:: EXERCISE OBJECTIVE ::
In the entries below, begin at the line with "Резной журнальный столик" and stop after the line with "LED vánoční řetěz"; output those lines exactly and omit the pictures.

:: DATA RECORDS ::

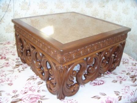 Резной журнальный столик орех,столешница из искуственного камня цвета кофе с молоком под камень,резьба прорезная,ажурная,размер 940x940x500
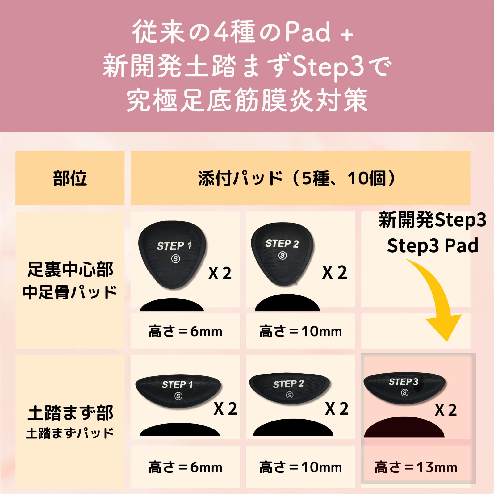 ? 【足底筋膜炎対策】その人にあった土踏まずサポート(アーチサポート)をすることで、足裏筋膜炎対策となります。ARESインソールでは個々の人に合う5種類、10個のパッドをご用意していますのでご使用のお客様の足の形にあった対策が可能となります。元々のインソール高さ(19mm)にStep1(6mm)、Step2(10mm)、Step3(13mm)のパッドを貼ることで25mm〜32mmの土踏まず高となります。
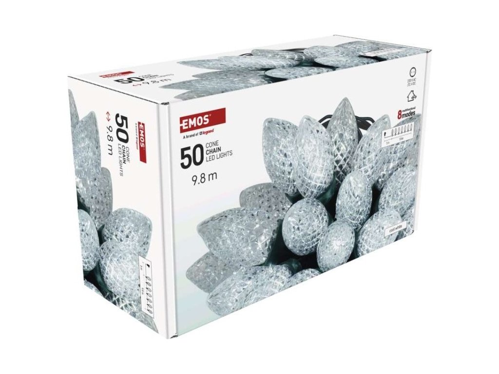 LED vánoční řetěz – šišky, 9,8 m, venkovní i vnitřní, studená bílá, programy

---

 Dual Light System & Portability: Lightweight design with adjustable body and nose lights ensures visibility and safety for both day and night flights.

:: RESULT FOR THIS EXERCISE ::
 Резной журнальный столик орех,столешница из искуственного камня цвета кофе с молоком под камень,резьба прорезная,ажурная,размер 940x940x500
 ? 【足底筋膜炎対策】その人にあった土踏まずサポート(アーチサポート)をすることで、足裏筋膜炎対策となります。ARESインソールでは個々の人に合う5種類、10個のパッドをご用意していますのでご使用のお客様の足の形にあった対策が可能となります。元々のインソール高さ(19mm)にStep1(6mm)、Step2(10mm)、Step3(13mm)のパッドを貼ることで25mm〜32mmの土踏まず高となります。
 LED vánoční řetěz – šišky, 9,8 m, venkovní i vnitřní, studená bílá, programy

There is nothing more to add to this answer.